So I'm trying to build a packet sniffer in Python to deepen my understanding of networking. Thing is, it has turned out to be a tad bit more confusing than I initially anticipated. The problem is that all resources with thorough explanations cover the scenario of creating sockets for client/server data sending/receiving purposes.
At this point, I've successfully created some classes that handle packet header decoding for IPv4 and ICMP. Now, since my socket code only seemed to capture ICMP packets, I've been trying to configure it so that I can catch all traffic reaching my wifi interface, but I still almost exclusively see ICMP packets (with localhost as both source and destination).
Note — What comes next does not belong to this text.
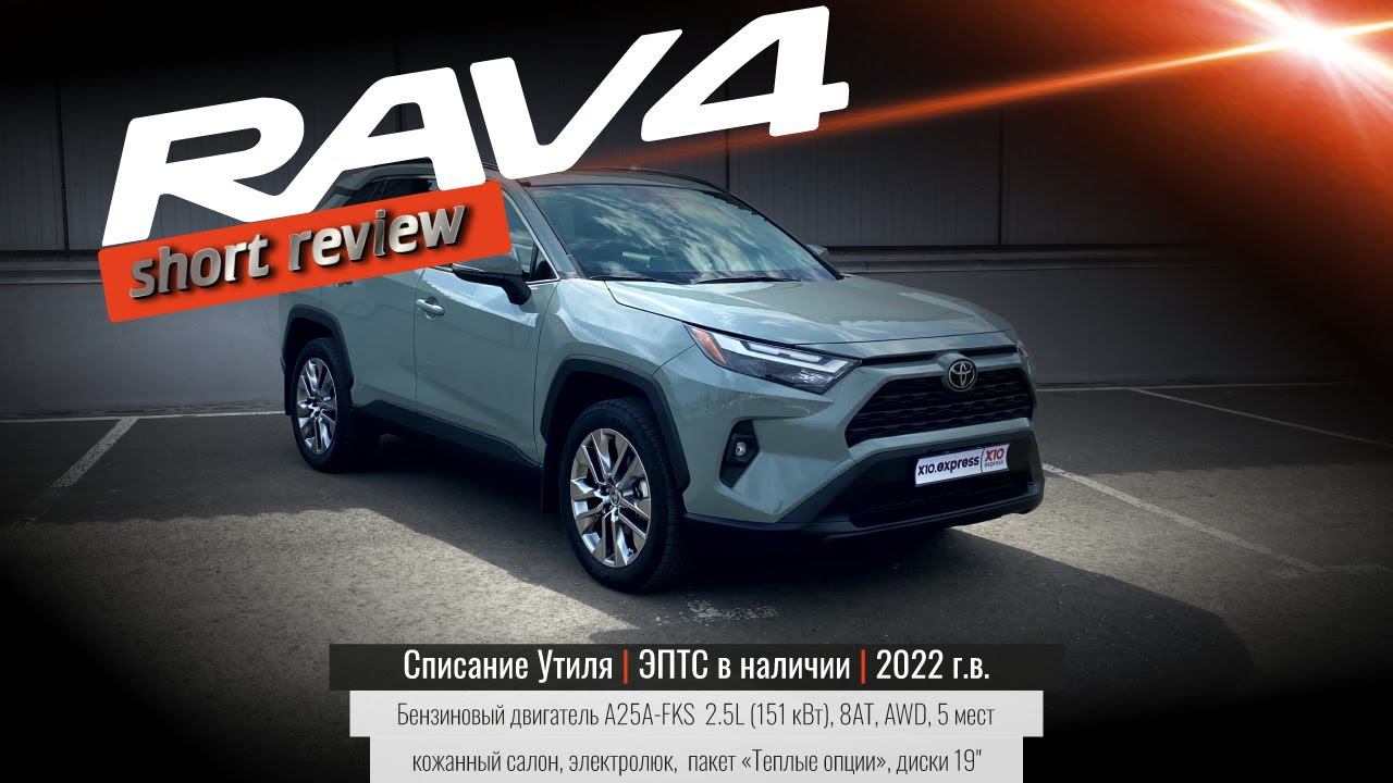 Год выпуска: 2022 Производитель: Toyota Motor Corporation, Япония Цвет: Lunar Rock (серо-зеленый) Двигатель: Бензиновый A25A-FKS 2.5L DOHC VVT-i, 151 кВт (6600) Трансмиссия: Toyota UB80F, Direct Shift-8AT Привод: AWD (полный) Диски и шины: Легкосплавные диски 19" с шинами 235/55 R19 Особенности комплектации: • Встроенные светодиодные противотуманные фары • Люк с электроприводом наклона/скольжения, открывается/закрывается одним касанием • Дверь багажника с электроприводом и с защитой от заклинивания • Отделка салона комбинированной синтетической кожей SofTex® • Рулевое колесо с кожаной отделкой • Двухзонный климат-контроль и и вентиляционные отверстия для задних сидений • Аудиосистема с дисплеем 8“ (Radio + RDS) с 6 динамиками, поддержкой Android Auto и Apple Carplay • Спойлер • Багажные рейленги на крыше • Окрашенные ручки дверей и корпусы боковых зеркал в цвет кузова • Повторители сигналов поворота в боковых зеркалах заднего вида • Аналоговая панель приборов информационным LCD монитором • Система выбора режимов движения (снег-грязь/песок-камни) • Светодиодные дневные ходовые огни • Светодиодные передние противотуманные фары • Светодиодные задние фонари • Камера заднего вида • Система бесключевого доступа Smart Key и пуск двигателя кнопкой • Электропривод сиденья водителя, с памятью • Электрорегулировка поясничного подпора сиденья водителя • Электропривод сиденья переднего пассажира • Круиз-контроль с управлением на рулевом колесе • Подогрев передних сидений • Подогрев руля • Подогрев зоны дворников • Коммуникационная система Bluetooth с голосовым управлением • Датчик дождя и света • Электронный стояночный тормоз EPB + AutoHold • Передние и задние стеклоподъёмники с функцией Auto • Монитор слепых зон (BSM)с предупреждением о перекрестном движении сзади (RCTA) • Контроль устойчивости автомобиля (VSC) • Систему контроля тяги (TRAC) • ABS+EBD+BA • Система предупреждения о столкновении с функцией обнаружения пешеходов (PCS w/PD) • Адаптивный радарный круиз-контроль (DRCC) • Оповещение о выезде с полосы движения с системой помощи рулевому управлению (LDA w/SA) • Система отслеживания полосы движения (LTA) • Автоматический дальний свет (AHB) • Система помощи при прохождении дорожных знаков (RSA) • Система мониторинга давления в шинах (TPMS) • Система управления раскачиванием прицепа (TSC) • Система помощи при спуске и подъёме (HAC, DAC) Автомобиль доступен к покупке на оренбургской площадке. Цена на момент публикации 4,1млн.р. Наш Телеграм: t.me/x10_express Наши адреса: • Оренбург, проезд Майский, 15 • Москва, Ходынский бульвар, 1 Телефон для связи и брони 8 800 700-82-35 (звонок бесплатный на территории РФ)

So, I have some questions which I'd like to get answered. But first, my code:
import socket
import sys
from protocols.ipv4 import IPv4
PACKET_SIZE = 65535
sock = socket.socket(socket.AF_INET, socket.SOCK_RAW, socket.IPPROTO_IP)
sock.bind(("0.0.0.0", 0))
try:
while True:
# read in a packet
raw_buffer = sock.recvfrom(PACKET_SIZE)[0]
# create an IP packet object
ip_header = IPv4(raw_buffer)
# print the packet
print(ip_header)
except KeyboardInterrupt:
print("\nExiting...")
sock.close()
sys.exit(0)
This is how I've understood it:
First I'm creating a socket with socket.socket, where I specify address family, socket type and protocol. In my case, I'm selecting the AF_INET family which I don't really understand very well, but it seems to yield packets from the network layer. The socket type is set to SOCK_RAW meaning that I want the raw sockets as opposed to using SOCK_STREAM for TCP connections and SOCK_DGRAM for UDP. The last argument IPPROTO_IP just indicates that I want IP packets only.
Then, I'm binding the socket to 0.0.0.0 which supposedly means "any address" as described here.
What I don't understand:
Initially, I saw some examples of creating a sniffer socket which used the AF_PACKET address family. I soon found out that this address family is not available on macos (which I'm using). Why is that? What is an address family how does it relate to sockets? Is there an alternative way to catch packets from lower levels? In Wireshark I can see ethernet datagrams, so it seems possible.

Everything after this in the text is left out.